A questo punto devo aprire una piccola parentesi e inserire quella che in tutta onestà non so se valutare come una limitazione del design dei livelli o del mio cervello: il fatto che tanti, tantissimi di loro possano essere risolti con due o tre oggetti, sempre gli stessi. Una volta scoperte le potenzialità del jetpack o delle ali (quelle di un angioletto), per spostarmi da un punto all’altro della mappa non ho più sentito la necessità di inventarmi chissà che cose strane. Ripeto, forse sono pigro o poco fantasioso io, forse sono troppo schiavo dei videogame “normali” dove le dinamiche di gioco sono estremamente limitate rispetto a Scribblenauts, ma devo anche pormi il dubbio se per caso non sia anche colpa di come sono concepiti e strutturati gli enigmi. Paradossalmente, in diverse occasioni mi sono dovuto auto-imporre la ricerca di soluzioni creative e/o originali e/o che sfruttino l’enorme potenziale a disposizione per non dover ricorrere al solito paio di ali o alla solita fune. Il che mi è sembrato andare nella direzione opposta a quella del gioco. Poi magari chissà, potrebbe essere una sfida anche quella di cercare di risolvere più enigmi possibili usando sempre le stesse cose. Fine della parentesi.
Alcuni livelli, in particolare quelli di tipo “puzzle”, ossia con obiettivi da raggiungere, sono poco chiari per non dire criptici. O non si capisce per niente cosa occorre fare, e la frasettina di una riga scritta all’inizio non aiuta granché, oppure è fin troppo chiaro ma apparentemente non è quello che gli sviluppatori avevano in mente. Il che porta a mettersi a provare e riprovare nella speranza di imbocciare la combinazione giusta. Unite questo aspetto all’interfaccia non propriamente a prova di errore, e il risultato è la festa del trial and error.

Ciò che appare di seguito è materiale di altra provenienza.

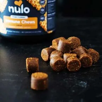Show more Introducing the Nulo Functional Immune Dog Supplement, a comprehensive solution designed to bolster your furry friend's immune system and support their overall health. This unique formula combines the power of Dried Bovine Colostrum with specialized Pre, Pro, and Post-Biotics, ensuring that your pet not only enjoys a robust immune defense but also benefits from natural detoxification processes. Each soft chew is scientifically crafted in collaboration with veterinarians and nutritionists, ensuring a product that meets the highest standards of pet health. With ingredients like Krill Oil, Organic Turmeric, Bee Pollen, and Apple Cider Vinegar, these delicious treats are a tasty and beneficial addition to your pet's diet.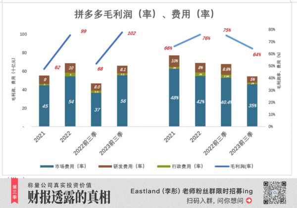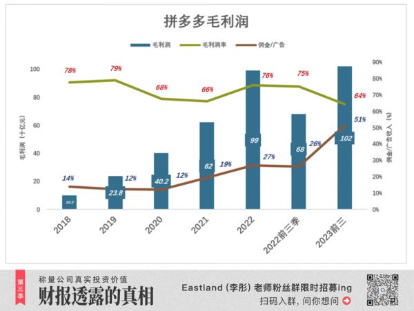 2023年前三季度,毛利润率降低11个百分点、至64%,而佣金收入暴涨186%,“以价换量”策略再次“上线”,结果是营收增长75%,毛利润增长50%、达到1021亿。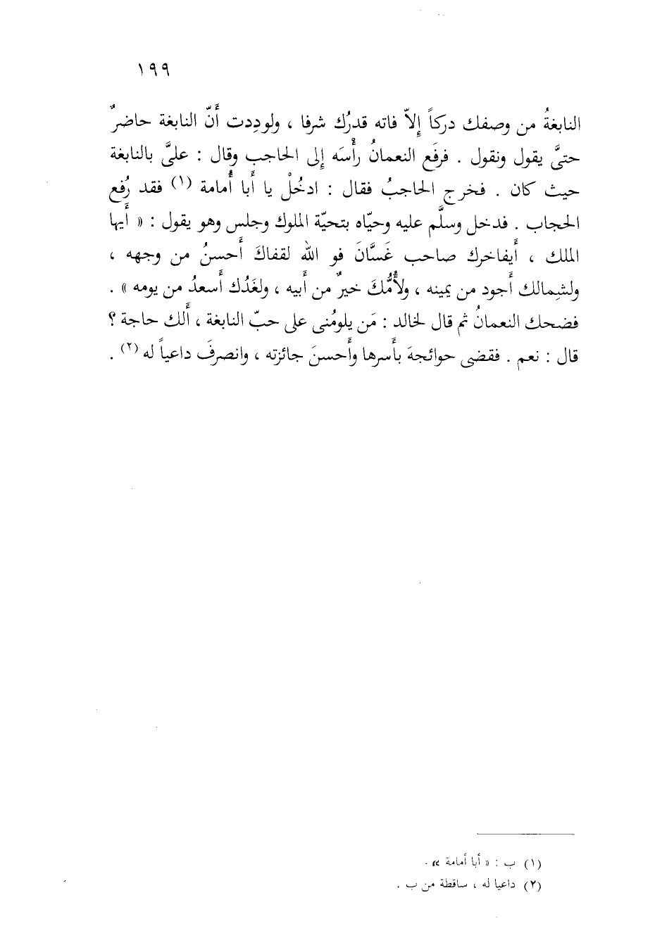 النابغة من وصفك دركا إلا فاته قدرك شرفا، ولوددت أن النابغة حاضرٌ حتى يقول ونقول. فرفع النعمان رأسه إلى الحاجب وقال: علي بالنابغة حيث كان. فخرج الحاجب فقال: ادخل يا أبا أمامة فقد رفع الحجاب. فدخل وسلم عليه وحياه بتحية الملوك وجلس وهو يقول: ((أيها الملك، أيفاخرك صاحب غسان فوالله لقفاك أحسن من وجهه، ولشمالك أجود من يمينه، ولأمك خيرٌ من أبيه، ولغدك أسعد من يومه)) . فضحك النعمان ثم قال لخالد: من يلومني على حب النابغة، ألك حاجة؟ قال: نعم. فقضى حوائجه بأسرها وأحسن جائزته، وانصرف داعيا له.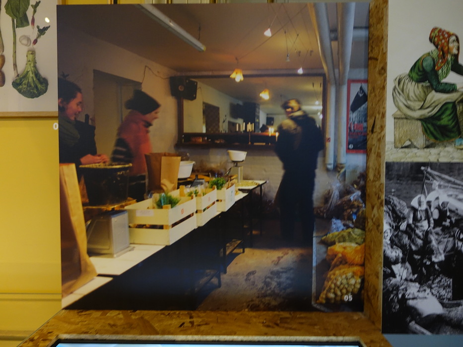Часть выставки говорит о слоу-фуд, приводит высказывания людей, считающих неразумным транспортировку и упаковку овощей-фруктов в пластик, желающих выращивать и приобретать местную еду — например, вступая в потребительский кооператив. На следующем фото одно из отделений Københavns Fødevarefællesskab (KBHFF) food co-op.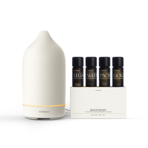 Elevate your home with our Diffuser Starter Bundle, perfect for those new to diffusing or looking to try something new. Featuring the iconic Stone Diffuser and Signature Kit, this bundle naturally scents your space with 100% pure essential oils. The Stone Diffuser doubles as elegant decor and offers an 8-hour run time. The Signature Kit includes four legendary blends: floral, citrus, herbal, and woodsy, ideal for creating a harmonious and balanced atmosphere.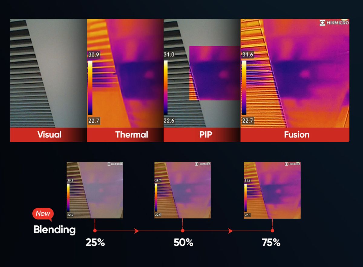 Dual-camera Thermal Imager – Built-in IR camera and visible camera, allow you to switch 5 image modes (Thermal, Visual, PIP, Fusion, and Blending). “Fusion” blends key details from a 0.3M Pixels visual camera to the IR image, adding extra detail and clarity. “Blending” blends partially transparent infrared and visible images into a single view and allows you to adjust the transparency. “PIP” overlays a fixed section of a thermal image onto a digital photo to clarify anomaly locations.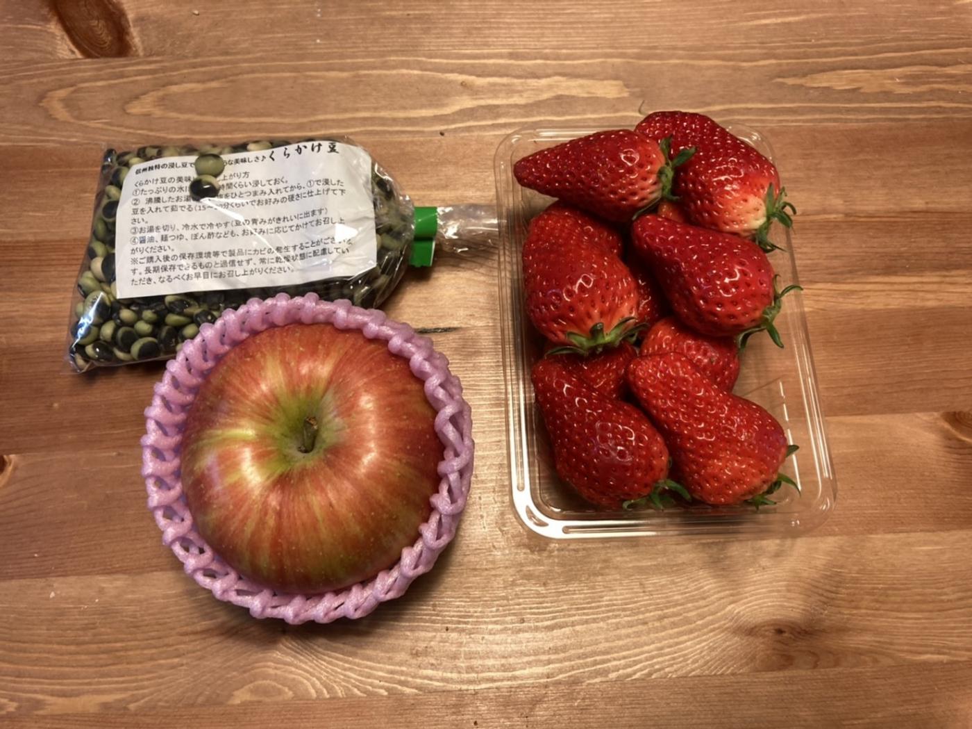 おまかせリンゴ1玉・くらかけ豆200g・あきひめイチゴ300g

Per fortuna esiste sempre la possibilità di provare soluzioni alternative!
Non sono mancate occasioni, al contrario, nelle quali i livelli si sono praticamente “auto-risolti”, più per caso che per abilità di chi gioca (tirare un nano da giardino in faccia a un gruppo di bambini vestiti da mostri la notte di Halloween equivale a raggiungere l’obiettivo richiesto, ossia “dolcetto o scherzetto?”? Sarà).
Ci sono poi alcuni difetti minori, magari fastidiosi ma su cui uno è anche disposto a chiudere un occhio considerata la portata e l’enormità di oggetti, interazioni e azioni possibili all’interno del gioco: uno su tutti, il fatto che un carro armato non riesca a passare indenne attraverso un tornado ma venga spazzato via con la stessa forza che colpisce il piccolo Maxwell. Evidentemente qualche semplificazione si è resa necessaria: niente di grave, basta saperlo.